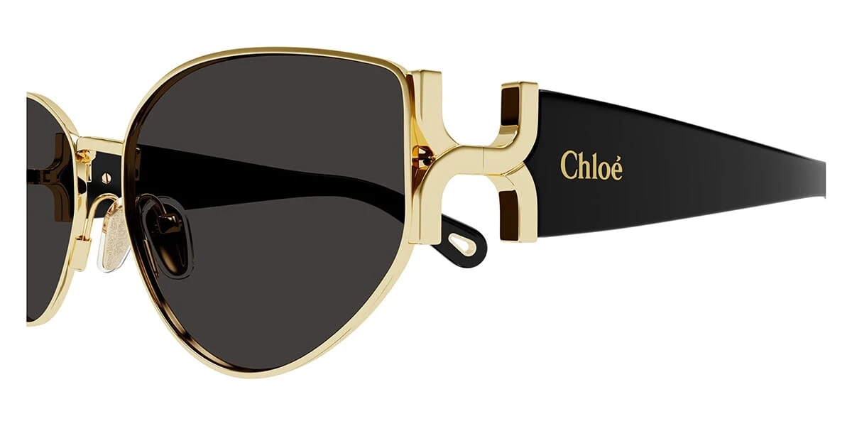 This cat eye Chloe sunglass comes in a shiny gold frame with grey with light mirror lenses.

◆ ◆ ◆ ◆ ◆

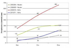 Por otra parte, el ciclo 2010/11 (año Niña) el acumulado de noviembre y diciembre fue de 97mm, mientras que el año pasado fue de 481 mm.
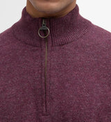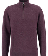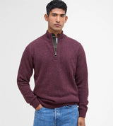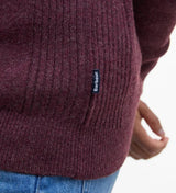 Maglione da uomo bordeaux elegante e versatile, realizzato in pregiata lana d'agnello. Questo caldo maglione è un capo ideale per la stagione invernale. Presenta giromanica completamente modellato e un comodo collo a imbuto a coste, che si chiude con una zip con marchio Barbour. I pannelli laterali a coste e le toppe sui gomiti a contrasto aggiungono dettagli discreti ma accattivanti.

◆ ◆ ◆ ◆ ◆

== WHAT YOU NEED TO DO ==
Please repeat, exactly as written, the lines in the records above, starting with the one that has "Por otra parte, el" and going on through the one that has "Maglione da uomo". Pictures are to be left out.

== ANSWER BOX ==
 Por otra parte, el ciclo 2010/11 (año Niña) el acumulado de noviembre y diciembre fue de 97mm, mientras que el año pasado fue de 481 mm.
 Maglione da uomo bordeaux elegante e versatile, realizzato in pregiata lana d'agnello. Questo caldo maglione è un capo ideale per la stagione invernale. Presenta giromanica completamente modellato e un comodo collo a imbuto a coste, che si chiude con una zip con marchio Barbour. I pannelli laterali a coste e le toppe sui gomiti a contrasto aggiungono dettagli discreti ma accattivanti.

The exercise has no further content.